Pub Date : 2025-10-09 DOI: 10.1109/TMI.2025.3619837
Yong Chen;Xiangde Luo;Renyi Chen;Yiyue Li;Han Zhang;He Lyu;Huan Song;Kang Li
Domain adaptation in medical image segmentation enables pre-trained models to generalize to new target domains. Given limited annotated data and privacy constraints, Source-Free Active Domain Adaptation (SFADA) methods provide promising solutions by selecting a few target samples for labeling without accessing source samples. However, in a fully source-free setting, existing works have not fully explored how to select these target samples in a class-balanced manner and how to conduct robust model adaptation using both labeled and unlabeled samples. In this study, we discover that boundary samples with source-like semantics but sharp predictive discrepancies are beneficial for SFADA. We define these samples as the most influential points and propose a slice-wise framework using influential points learning to explore them. Specifically, we detect source-like samples to retain source-specific knowledge. For each target sample, an adaptive K-nearest neighbor algorithm based on local density is introduced to construct neighborhoods of source-like samples for knowledge transfer. We then propose a class-balanced Kullback-Leibler divergence for these neighborhoods, calculating it to obtain an influential score ranking. A diverse subset of the highest-ranked target samples (considered influential points) is manually annotated. Furthermore, we design a progressive teacher model to facilitate SFADA for medical image segmentation. With the guidance of influential points, this model independently generates and utilizes pseudo-labels to mitigate error accumulation. To further suppress noise, curriculum learning is incorporated into the model to progressively leverage reliable supervision signals from pseudo-labels. Experiments on multiple benchmarks demonstrate that our method outperforms state-of-the-art methods even with only 2.5% of the labeling budget.

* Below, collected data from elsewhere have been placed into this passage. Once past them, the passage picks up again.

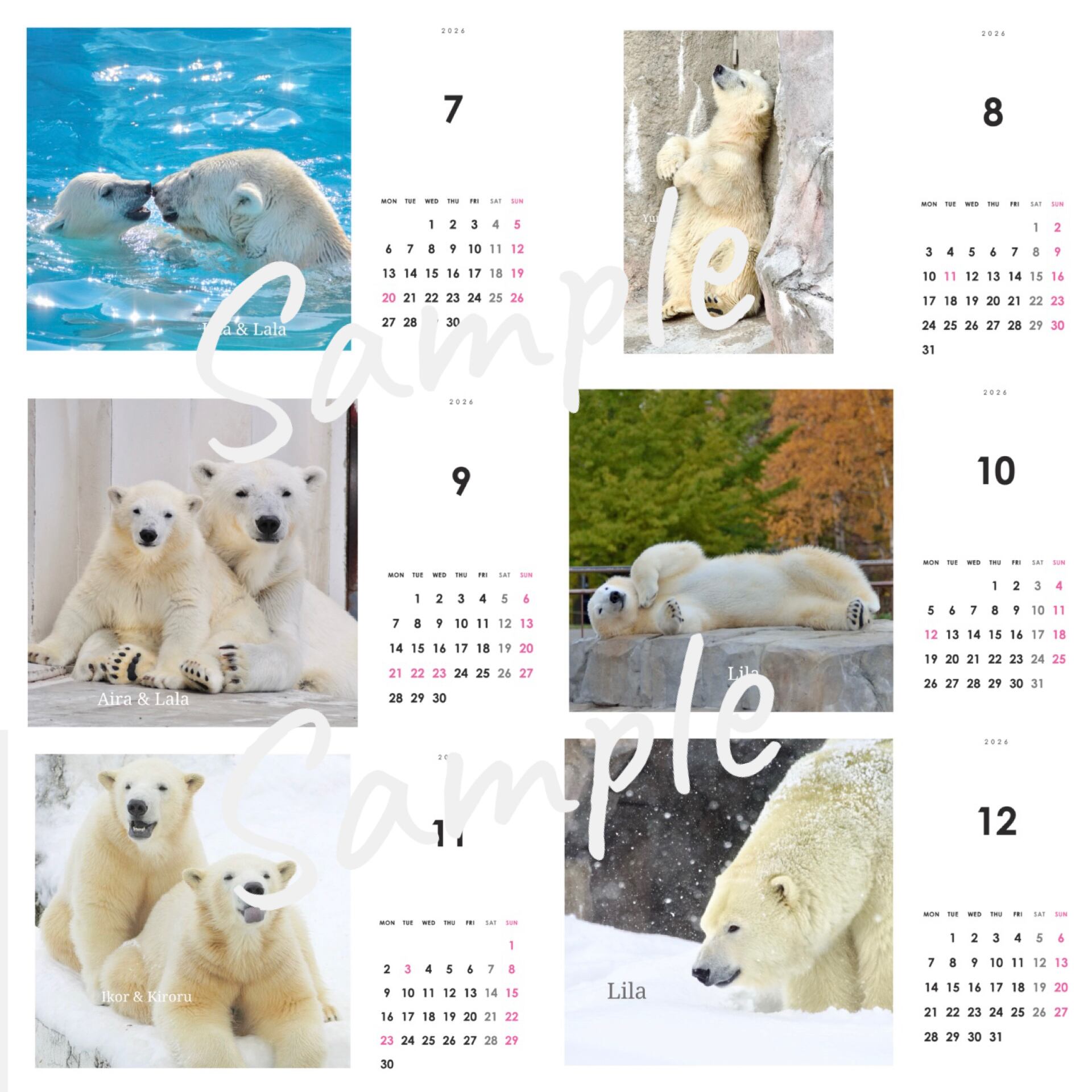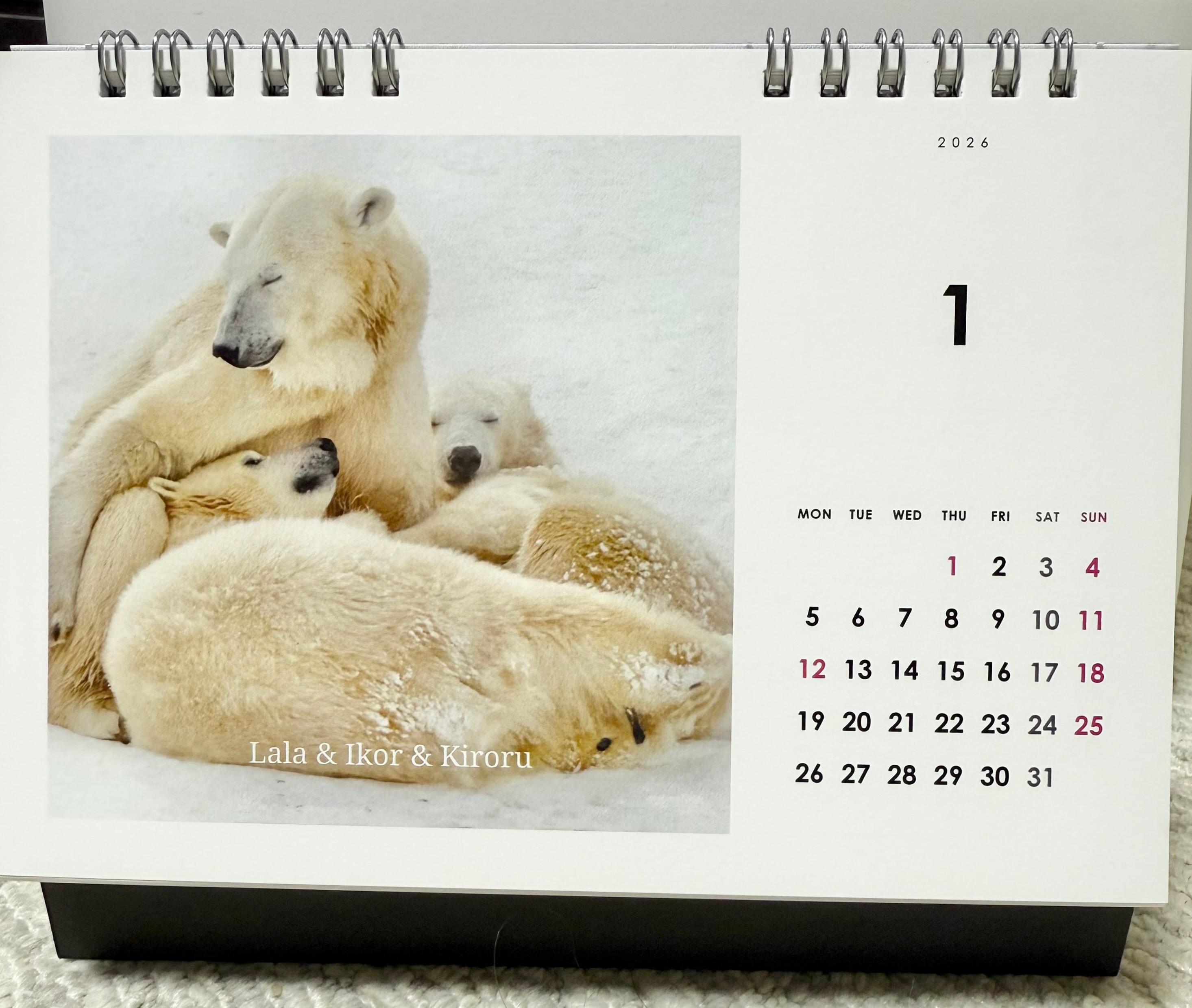 2026年 月曜始まり ホッキョクグマ卓上カレンダー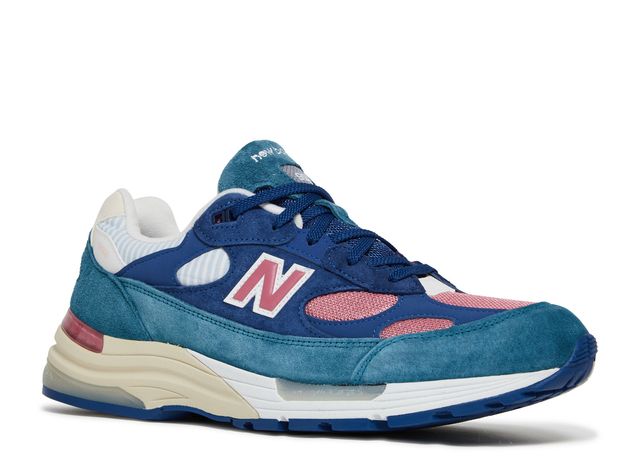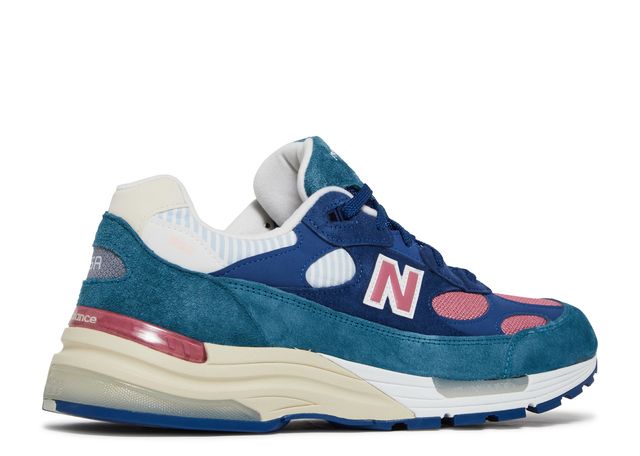 The upper shoelace area and along the heel counter extending to the mudguards are dark blue and light blue color tones respectively. The upper is also accented with pink meshed patches while featuring a white checked hue on the collar and atop the heel section. Brandings are dressed in pink below the heel counter and side panels, while a neutral trait is found on the USA embroidery with a grey fence at the heel tab. The EVA cushioned midsole completes the sneaker's look.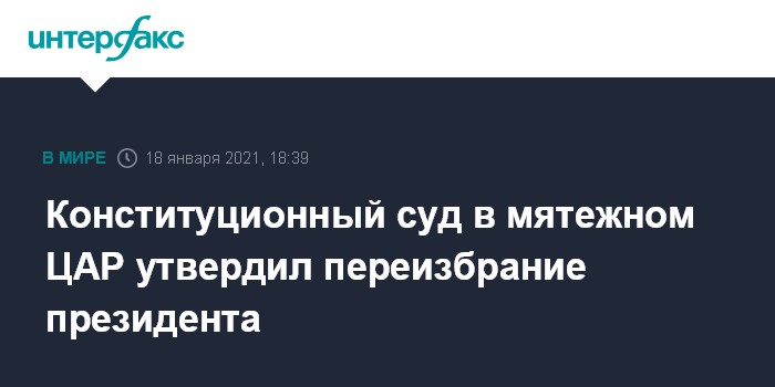 Москва. 18 января. INTERFAX.RU - Конституционный суд ЦАР в понедельник утвердил переизбрание президента страны Фостена Арканжа Туадеры, сообщают франкоязычные СМИ.

医学图像分割中的领域自适应使预先训练好的模型能够泛化到新的目标领域。考虑到标注数据有限和隐私限制,无源主动域自适应(SFADA)方法在不访问源样本的情况下选择少量目标样本进行标记,提供了很有前途的解决方案。然而,在完全无源的情况下,现有的工作并没有充分探索如何以类平衡的方式选择这些目标样本,以及如何使用标记和未标记的样本进行鲁棒模型自适应。在本研究中,我们发现具有类似源语义但预测差异明显的边界样本有利于SFADA。我们将这些样本定义为最具影响力的点,并提出了一个使用影响力点学习来探索它们的切片框架。具体来说,我们检测类源样本以保留特定于源的知识。针对每个目标样本,引入基于局部密度的自适应k近邻算法,构建类源样本的邻域进行知识转移。然后,我们为这些社区提出了一个阶级平衡的Kullback-Leibler散度,计算它以获得一个有影响力的分数排名。排名最高的目标样本(被认为是影响点)的不同子集被手动注释。此外,我们还设计了一种渐进式教师模型来促进SFADA对医学图像的分割。该模型在影响点的引导下,独立生成并利用伪标签来减少误差积累。为了进一步抑制噪声,课程学习被纳入模型,以逐步利用伪标签的可靠监督信号。多个基准测试的实验表明,我们的方法优于最先进的方法,即使只有2.5%的标签预算。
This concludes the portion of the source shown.